| Task inputs |
_ _ _ _
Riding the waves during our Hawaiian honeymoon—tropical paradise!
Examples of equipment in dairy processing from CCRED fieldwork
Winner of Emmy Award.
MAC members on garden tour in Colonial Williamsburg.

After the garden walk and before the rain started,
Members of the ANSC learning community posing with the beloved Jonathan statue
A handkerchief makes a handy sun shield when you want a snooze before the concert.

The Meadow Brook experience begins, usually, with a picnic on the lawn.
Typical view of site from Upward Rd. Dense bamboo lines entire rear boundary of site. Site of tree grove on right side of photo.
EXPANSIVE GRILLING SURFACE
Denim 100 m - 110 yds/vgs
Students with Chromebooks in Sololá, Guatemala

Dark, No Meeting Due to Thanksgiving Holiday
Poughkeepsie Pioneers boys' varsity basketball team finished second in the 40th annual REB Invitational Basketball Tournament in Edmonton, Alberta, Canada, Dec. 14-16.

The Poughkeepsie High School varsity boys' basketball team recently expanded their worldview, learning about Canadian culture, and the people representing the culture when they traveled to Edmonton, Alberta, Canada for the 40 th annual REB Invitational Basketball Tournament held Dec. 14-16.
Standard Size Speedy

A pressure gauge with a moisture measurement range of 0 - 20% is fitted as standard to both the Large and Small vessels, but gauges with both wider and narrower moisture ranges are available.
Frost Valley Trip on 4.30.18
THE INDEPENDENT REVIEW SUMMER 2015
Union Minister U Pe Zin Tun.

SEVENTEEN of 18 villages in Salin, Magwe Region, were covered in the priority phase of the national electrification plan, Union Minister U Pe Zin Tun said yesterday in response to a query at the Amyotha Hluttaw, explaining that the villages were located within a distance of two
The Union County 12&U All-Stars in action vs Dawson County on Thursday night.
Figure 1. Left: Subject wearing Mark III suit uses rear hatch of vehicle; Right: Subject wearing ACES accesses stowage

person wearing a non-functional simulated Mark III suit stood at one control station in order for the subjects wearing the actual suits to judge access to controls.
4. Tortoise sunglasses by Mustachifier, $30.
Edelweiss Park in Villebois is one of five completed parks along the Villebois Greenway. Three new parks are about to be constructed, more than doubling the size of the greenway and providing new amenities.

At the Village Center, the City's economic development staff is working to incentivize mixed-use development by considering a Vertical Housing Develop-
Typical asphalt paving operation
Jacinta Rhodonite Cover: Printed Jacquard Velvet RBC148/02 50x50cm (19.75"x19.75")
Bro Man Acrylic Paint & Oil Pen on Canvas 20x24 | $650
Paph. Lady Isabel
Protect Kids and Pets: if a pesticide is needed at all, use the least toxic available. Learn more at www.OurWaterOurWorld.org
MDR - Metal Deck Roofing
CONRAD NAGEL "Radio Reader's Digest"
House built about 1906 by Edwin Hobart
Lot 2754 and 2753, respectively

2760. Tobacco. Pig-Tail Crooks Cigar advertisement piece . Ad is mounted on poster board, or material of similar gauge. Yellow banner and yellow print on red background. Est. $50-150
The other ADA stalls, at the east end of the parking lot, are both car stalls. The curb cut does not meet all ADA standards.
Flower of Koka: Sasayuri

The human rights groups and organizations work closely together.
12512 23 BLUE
_ _ _ _
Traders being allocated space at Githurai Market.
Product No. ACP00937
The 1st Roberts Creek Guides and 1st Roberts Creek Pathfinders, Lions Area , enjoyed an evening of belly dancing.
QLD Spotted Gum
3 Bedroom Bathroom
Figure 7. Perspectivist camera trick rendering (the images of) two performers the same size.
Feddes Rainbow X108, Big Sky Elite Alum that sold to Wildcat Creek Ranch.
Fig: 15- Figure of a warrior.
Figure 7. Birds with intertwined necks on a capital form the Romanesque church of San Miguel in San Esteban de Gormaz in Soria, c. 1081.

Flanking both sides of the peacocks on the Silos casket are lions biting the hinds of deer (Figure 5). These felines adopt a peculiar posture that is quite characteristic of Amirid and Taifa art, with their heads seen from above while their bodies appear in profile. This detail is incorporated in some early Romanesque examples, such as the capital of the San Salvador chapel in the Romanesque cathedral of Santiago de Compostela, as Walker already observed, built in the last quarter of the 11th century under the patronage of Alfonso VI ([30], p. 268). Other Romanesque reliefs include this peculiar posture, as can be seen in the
_ _ _ _
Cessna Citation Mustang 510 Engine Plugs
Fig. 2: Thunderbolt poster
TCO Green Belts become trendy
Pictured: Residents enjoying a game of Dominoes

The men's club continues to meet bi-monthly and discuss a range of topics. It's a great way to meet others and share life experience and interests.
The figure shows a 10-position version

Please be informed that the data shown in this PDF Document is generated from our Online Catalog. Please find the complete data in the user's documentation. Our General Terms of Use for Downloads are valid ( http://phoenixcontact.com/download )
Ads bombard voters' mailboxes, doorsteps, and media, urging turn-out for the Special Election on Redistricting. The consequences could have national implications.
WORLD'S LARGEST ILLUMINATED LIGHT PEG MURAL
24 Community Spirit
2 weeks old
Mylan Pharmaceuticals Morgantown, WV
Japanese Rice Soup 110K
_ _ _ _
| Exercise instructions |
Above are the entries. Output exactly the lines beginning with the line that has "Figure 7. Birds" and ending with the line that has "Flanking both sides".

| Result |
Figure 7. Birds with intertwined necks on a capital form the Romanesque church of San Miguel in San Esteban de Gormaz in Soria, c. 1081.

Flanking both sides of the peacocks on the Silos casket are lions biting the hinds of deer (Figure 5). These felines adopt a peculiar posture that is quite characteristic of Amirid and Taifa art, with their heads seen from above while their bodies appear in profile. This detail is incorporated in some early Romanesque examples, such as the capital of the San Salvador chapel in the Romanesque cathedral of Santiago de Compostela, as Walker already observed, built in the last quarter of the 11th century under the patronage of Alfonso VI ([30], p. 268). Other Romanesque reliefs include this peculiar posture, as can be seen in the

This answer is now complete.